The Rotten Foundation of the Ground Zero Mosque

The organizers of the Ground Zero Mosque project have already won a big victory, in a way, and not just in New York’s city government rolling over and playing poodle.

By getting millions of Americans to divide into warring camps — those who say property rights and the First Amendment allow it, while others say 9/11 and the ongoing war do not — the Islamists have already won something important. They’ve set American against American, which — even if only in a small way and temporarily — means we’ve taken our eye off the enemy.

True, the controversy itself has brought renewed focus to the vital questions: “how should we respond to jihad and attempts to inject Sharia into American culture?” That, I suppose, is some consolation in this sorry affair.

With respect to allowing the center itself, there are valid arguments on both sides.

There’s no question that the very idea of the project is an outrage. To erect a 13-story building dedicated to Islam at that location is grotesque, especially given the builders’ alleged desires to promote religious harmony.

There are reasons to suspect their sincerity on that score. There are no plans in evidence to include a church, a synagogue, or a Buddhist or Hindu temple and New York has plenty of practitioners of all those religions. Worse, the desire to build the center at that particular location is itself evidence of bad faith.

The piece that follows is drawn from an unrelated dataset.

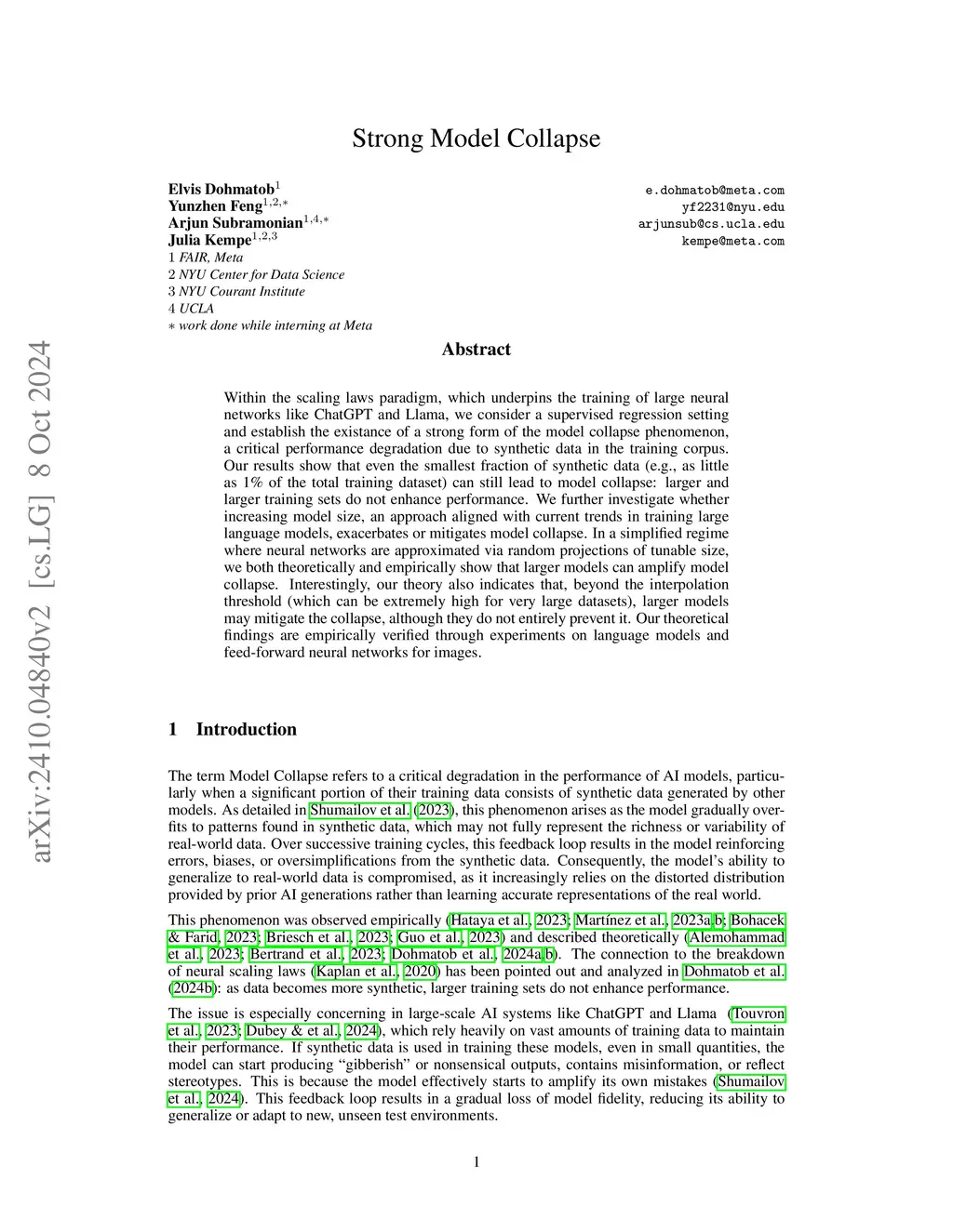 Within the scaling laws paradigm, which underpins the training of large neural networks like ChatGPT and Llama, we consider a supervised regression setting and establish the existance of a strong form of the model collapse phenomenon, a critical performance degradation due to synthetic data in the training corpus. Our results show that even the smallest fraction of synthetic data (e.g., as little as 1\% of the total training dataset) can still lead to model collapse: larger and larger training sets do not enhance performance. We further investigate whether increasing model size, an approach aligned with current trends in training large language models, exacerbates or mitigates model collapse. In a simplified regime where neural networks are approximated via random projections of tunable size, we both theoretically and empirically show that larger models can amplify model collapse. Interestingly, our theory also indicates that, beyond the interpolation threshold (which can be extremely high for very large datasets), larger models may mitigate the collapse, although they do not entirely prevent it. Our theoretical findings are empirically verified through experiments on language models and feed-forward neural networks for images.

Insensitive is the kindest thing one could say about them.

Legally stopping it is not necessarily a violation of anyone’s rights, either. If the organizers are, in fact, planning to provide material support to jihadists, they are enemy forces who should be jailed. Andrew McCarthy presents evidence that may very well be their intention.

At the very least, Rauf and Khan should be subject to intense scrutiny and a full investigation before the project is allowed to proceed. It’s likely a threat to national security, albeit a relatively minor one, and there’s ample evidence that the builders have highly suspect associations with jihad-supporting groups.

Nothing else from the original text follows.